Do you wonder how the coronavirus pandemic is going to affect the economy and our businesses? Not how it will affect unemployment next week, or GDP this quarter, or even the stock market. Those effects are temporary and surprisingly unimportant. Of course, we are seeing skyrocketing unemployment. We are seeing huge shortfalls in the money the government is collecting from sales taxes, from income taxes, and even from ancillary taxes such as gas and hotel taxes, at a time when extra government spending is necessary.
Yes, we are seeing unprecedented drops in GDP and production. But these shortcomings are what the finance world writes off as “one-time charges” — isolated events that are unlikely to happen again. Yes, they affect your balance sheet. But they don’t have to affect your income statement, which is far more relevant to the recovery and snapback we all hope for.
Let’s dive into the real effect of the coronavirus on business and economics, how it’s shaping the world, and what kind of outlook we should expect after the situation clears. The economic shutdown we are performing brings near-term consumer spending and revenues for small businesses to a screeching halt. Again, the optimists are relying on the fact that when the virus disappears, things will snap back and spending will pick up right where we left off, or we will even see a surge of pent-up demand.
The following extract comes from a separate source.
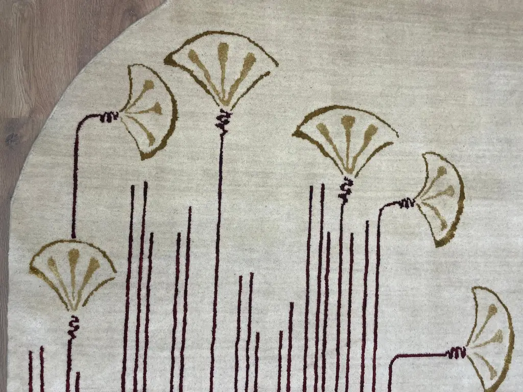 Unique Wool & Bamboo Silk Hand-Knotted Cut-Out Rug With Lotus Flower Design
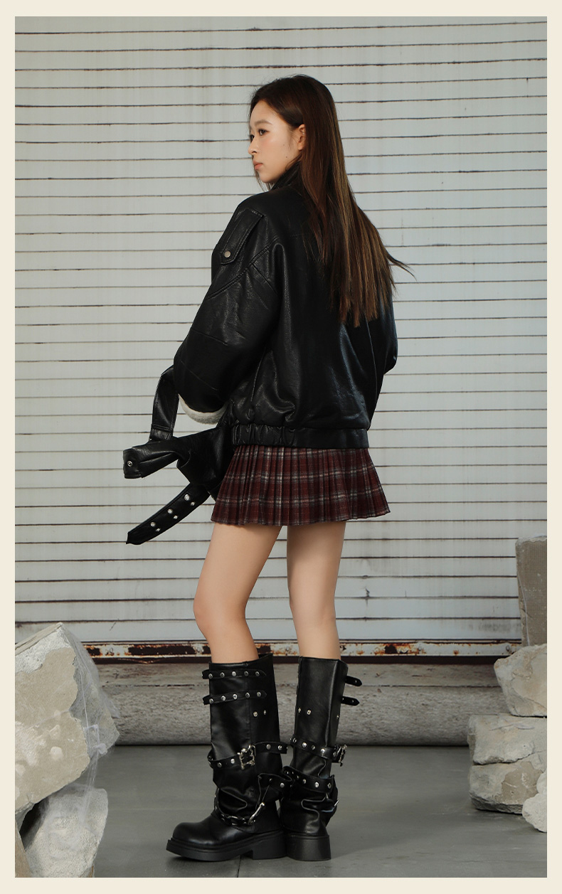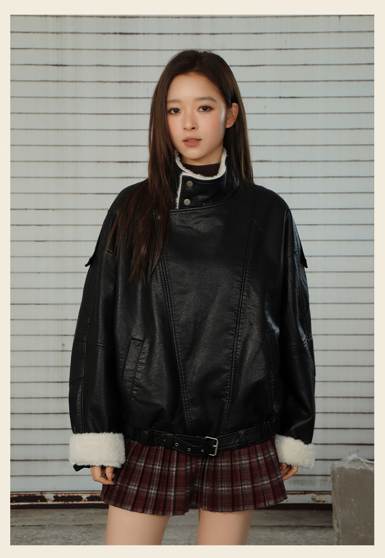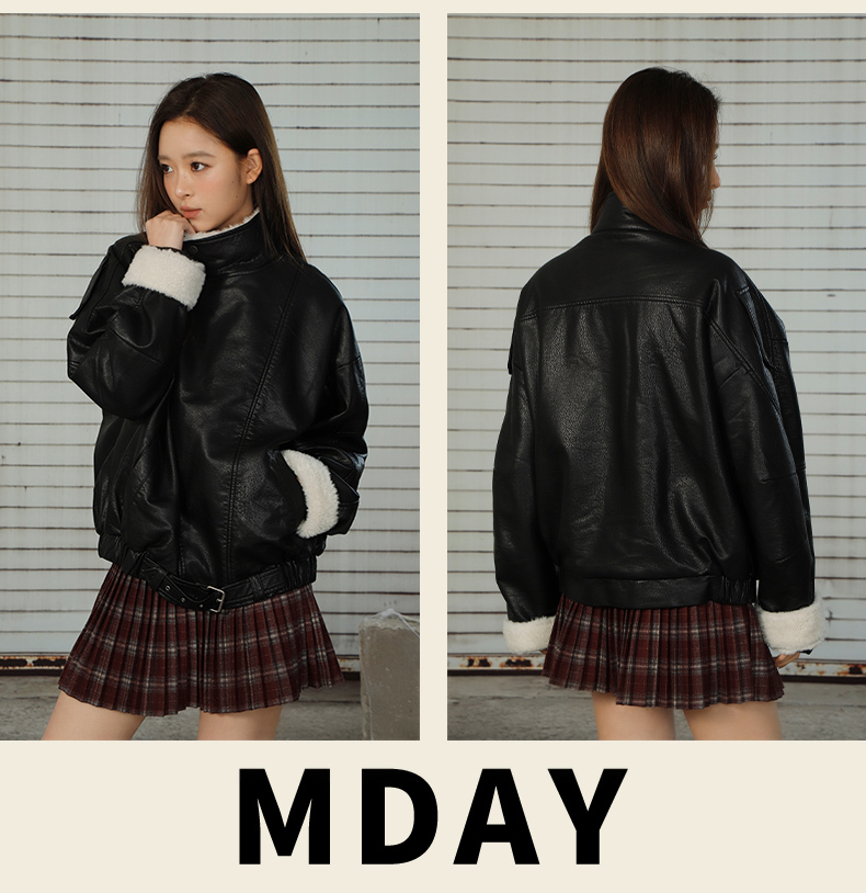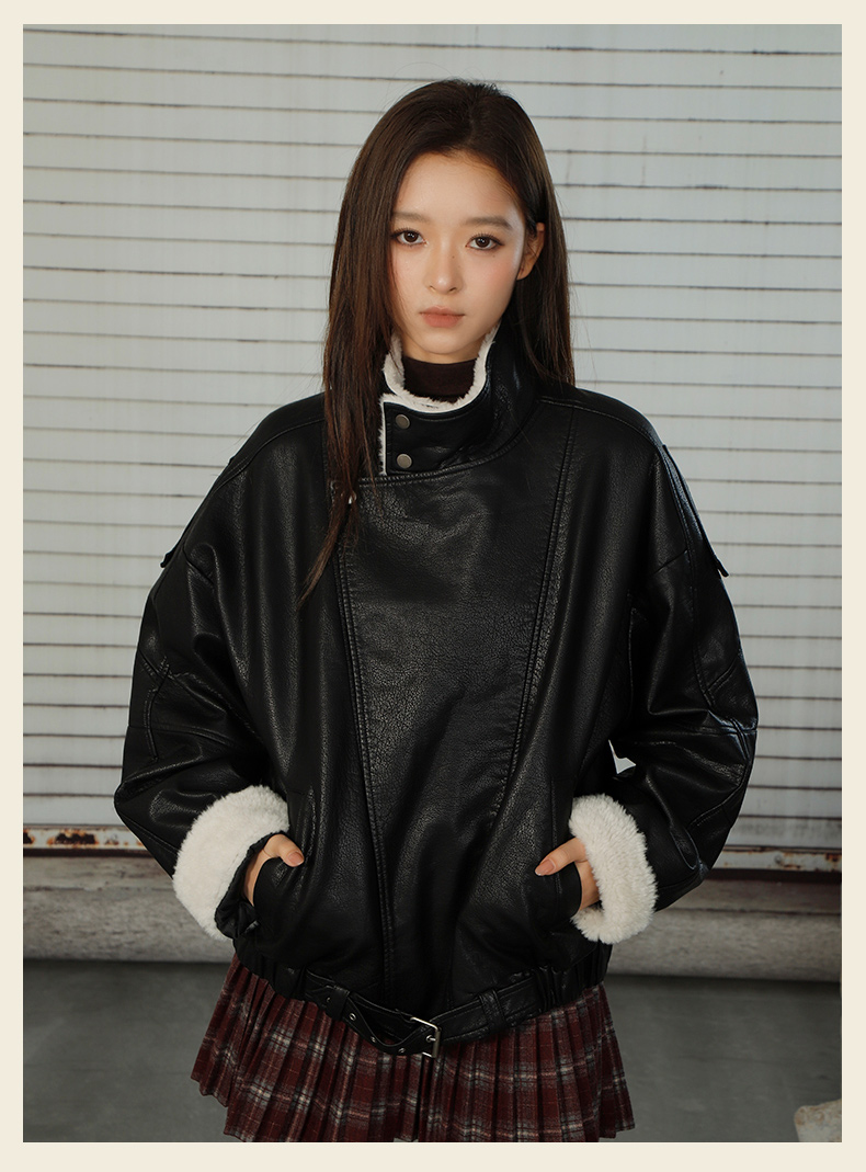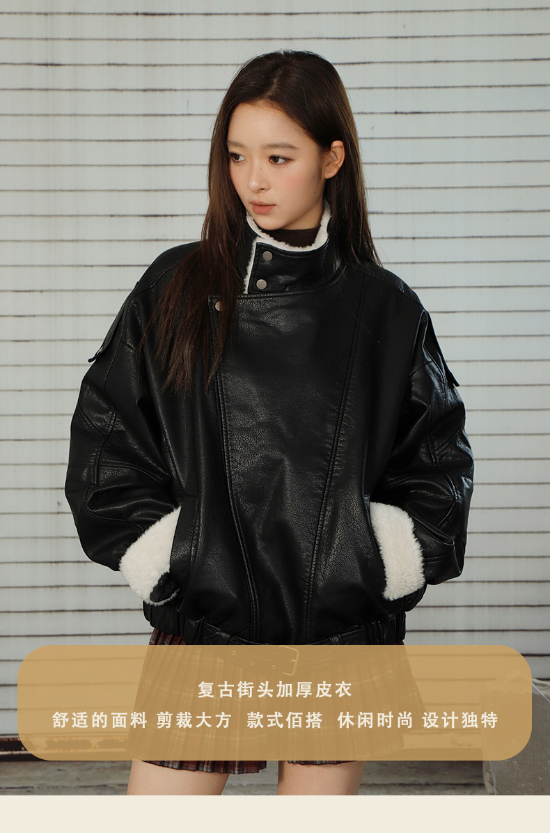 复古街头拼接立领加厚加绒女款皮衣-纪念日百货门店同款167293095

The problem is the longer we are in this situation, the more challenging it will be to snap back. Unemployment has already reached 14.7%. The questions to ask are: When we do recover, how easy is it going to be to put those people back to work? Will companies actually hire back every single employee, or will they realize some of the people don’t need to be brought back? With significant risk of further stalling in the economy, will businesses err on the side of hiring everyone back, or be thrifty and hire back only the most essential workers? The longer the shutdown, the more risk-averse businesses will be and the fewer people they will hire back.
Per a recent CNBC survey, 78% of furloughed people believe that they will be recalled. If that happens — and let’s be honest that people tend to be optimistic — that would still mean that 22% won’t be. 22% of 33 million people translates to over 7 million jobs disappearing. For context, the best job creation year that we have had since the 2008-09 recession was 2014, when approximately 3 million jobs were created. That means that we need everyone who expects to be recalled to actually get recalled and we need to replicate our best-in-a-decade performance for 2.5 years to be back to where we were. Plainly, we are going to be left in an economy with significant unemployment. And unemployed people don’t spend money.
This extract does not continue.